An important point is that alpha very sensitive to the number of items in a scale. A high value of alpha for a scale with three items suggests these items are well aligned, but the same value for a scale with 25 items would be much less persuasive. It is fairly easy to increase the value of alpha by adding more items – as long as those items are perceived very similarly to some of these already in the scale.

To offer a facetious hypothetical example. Imagine a scale of ten items where alpha was found on an administration (the value only applies to a specific administration to a particular sample, not to the scale itself) 0.69, and that was considered just below the required level of ‘reliability’. If one of the items read “I very much enjoy using the Bunsen burner”, then adding another item that reads “I enjoy using the Bunsen burner very much” would have almost certainly led to the value of alpha having instead been >0.7 and the scale being judged ‘reliable’. The statistic is very fickle to this kind of manipulation.

Evidence of poor practice

I found that some of papers I was asked to read as a reviewer, or sometimes those I saw as an editor, used alpha in ways that seemed inappropriate, and often without any apparent understanding of what alpha did and why it might be useful: simply calculating, hoping it was more than 0.7, and reporting it in the paper, seemed to be seem as important.

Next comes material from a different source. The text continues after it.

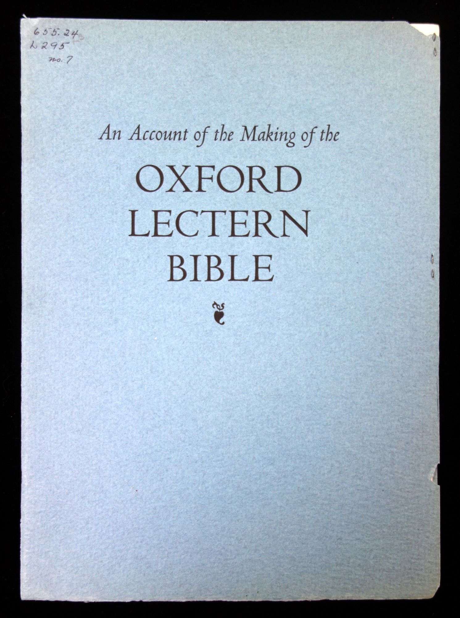 Philadelphia, PA: Lanston Monotype Machine Company, 1936. 15 pp. Blue paper cover, four page mini hinge in staple to inside front cover. An account of designing the Oxford Lectern Bible, choices the designer made. Includes samples from the book. 11 1/4" x 8" cover slightly worn, Drexel Institute Library Philadelphia embossed stamp on first page.

Authors were in effect saying “this is a good instrument because alpha >0.7” even when it was inappropriate to use alpha. Commonly alpha would be calculated across diverse scales in an instrument, or alpha would be calculated for a wide-ranging knowledge test where clearly the items (questions) were testing understanding of a range of concepts and principles.

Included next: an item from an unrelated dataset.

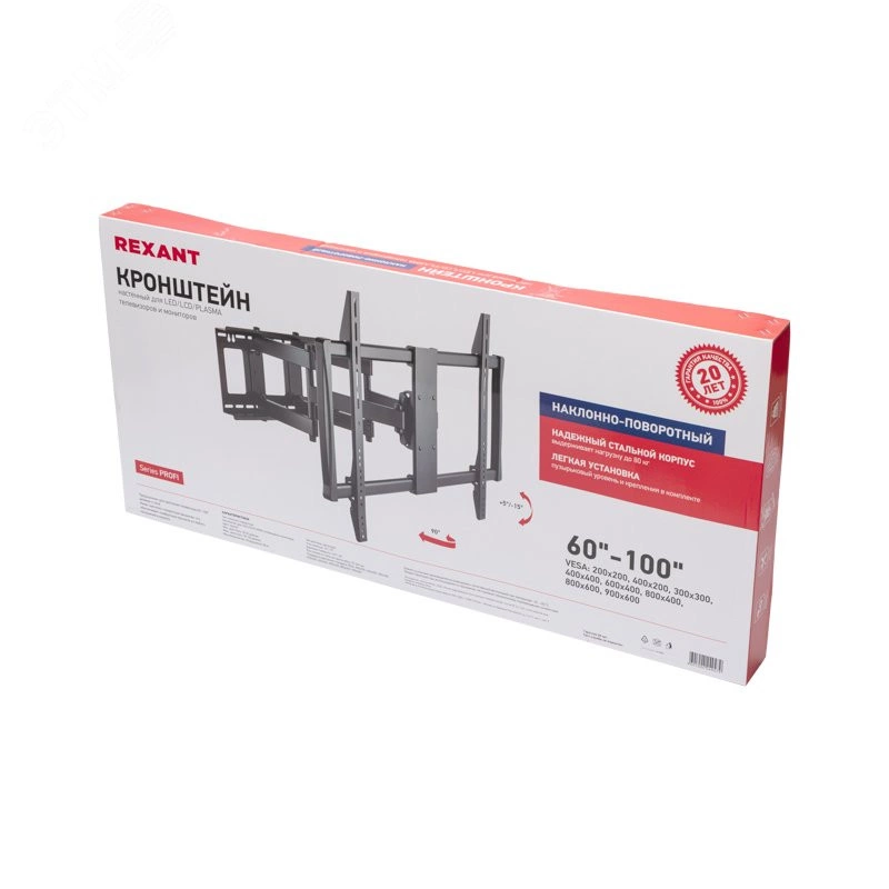Кронштейн REXANT серии Profi используется для крепления LED, LCD, PLASMA телевизоров 60 - 100 дюймов к стене. Оснащен наклонно-поворотным механизмом (с двойным коленом), который позволяет свободно регулировать положение телевизора, что обеспечивает комфортный и удобный просмотр вне зависимости от вашего расположения в комнате. В любой момент телевизор можно повернуть в нужную Вам сторону, выставить необходимый угол наклона и избежать бликов при смене освещения. Конструкция механизма позволяет точно и надежно фиксировать заданное положение с максимальной точностью. Для обеспечения удобного и быстрого монтажа кронштейн оснащен встроенным пузырьковым уровнем. Расстояние от стены до кронштейна регулируется от 70 до 625 мм. Поддержка крепления стандарта VESA - 200x200, 400x200, 300x300, 400x400, 600x400, 800x400, 800x600, 900x600.

So having done some reading to find out about alpha, it seemed that most of the examples I then met in science education papers used alpha without explaining what it was or why it was used, and often authors seemed to use alpha where it was not relevant or helpful. Moreover, this applied to examples I saw in published studies in good journals, as well as manuscripts submitted for review.

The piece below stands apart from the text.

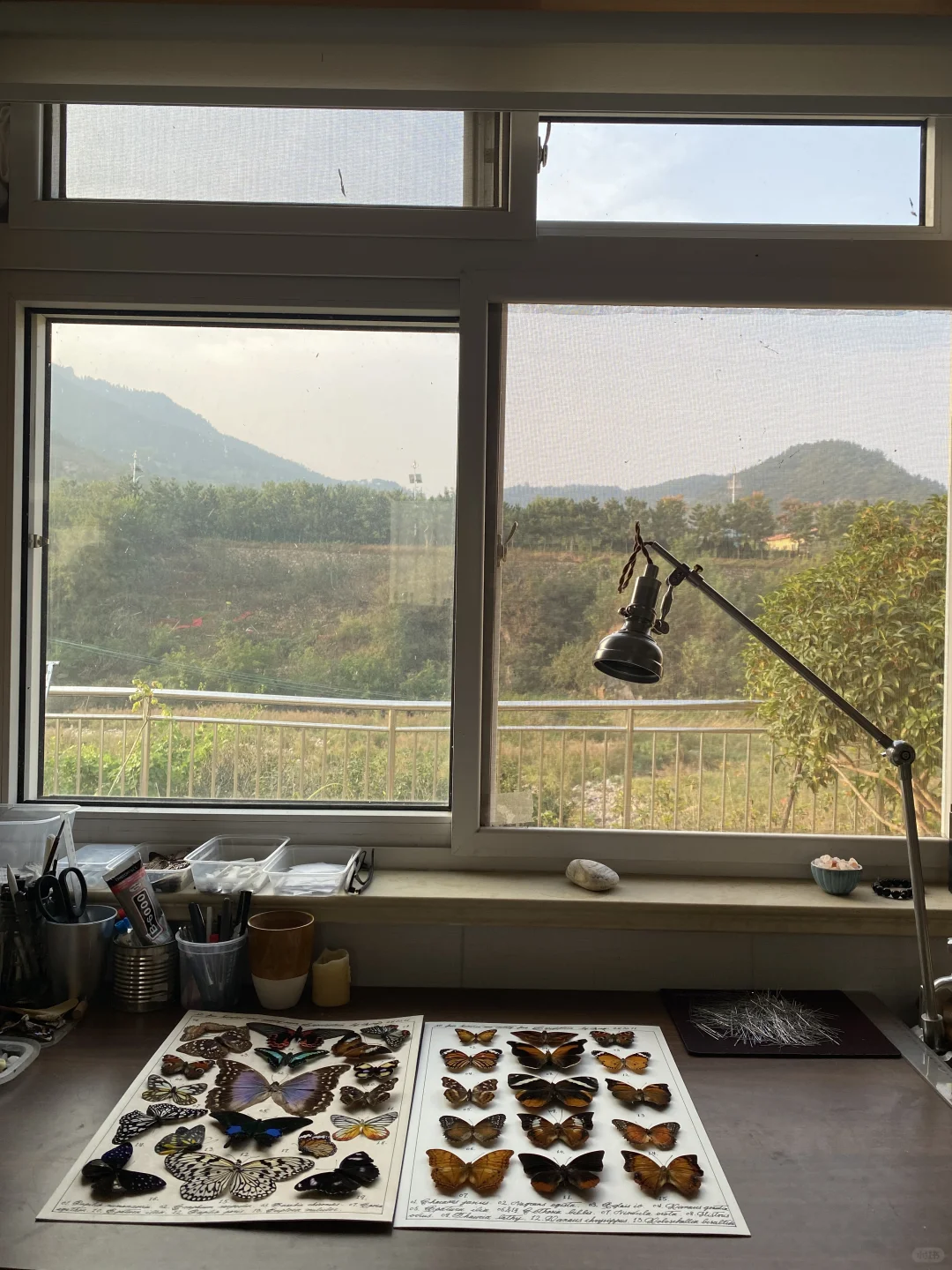 今晚真的是听着音乐工作了一晚上。最开心的是终于用雌性大蓝闪装裱了一幅图鉴作品,几个月前我就想做了,奈何因为走油导致品相不好,今晚将油污清理后就开心装裱啦~

This motivated me to write an article explaining what alpha was, and why it was introduced, and when it should be used, and what we should read into the values calculated. I drew on examples from the published literature to explain appropriate use, and the limitations and flaws in many published studies.

Improvement of the article in peer review

The original manuscript submitted for publication drew upon specific published articles to make particular points about how alpha was being presented in science education studies. I felt the article worked well that way. However, one of the reviewers for Research in Science Education, made a fair point that in writing the paper I was largely, for my examples, picking on published studies that showed flaws: this could be seen as relying on anecdotes rather than being systematic.

To address this I surveyed the four top science eduction journals over the most recent complete year of publication to identify every use of alpha. Whilst, as might be expected, this revealed some good practice, it also showed just how inconsistently authors described what alpha was testing, and how qualitative interpretations of the actual values calculated varied wildly. This lengthened and changed the feel of the paper (from originally being a kind of perspective article, to being arranged around a formal study offering more specific evidence of current practice). I was initially a little uneasy about this at the time, having felt the earlier version had more ‘punch’. However, on balance. I feel the reviewer offered good advice. I do think that responding to the recommendation strengthened the paper, so that it offered a more robust evidential basis for offering specific guidelines for others using Cronbach’s alpha in their studies.

Personal ignorance can motivate a move towards greater expertise

So that’s how a largely ‘qualitative researcher’ came to publish a paper about statistics. I did not initially understand the basis or purpose of Cronbach’s alpha, but the need to find out in order to effectively review manuscripts led me to realise that a lot of those researchers actually using Cronbach’s statistic do not seem to really understand it either.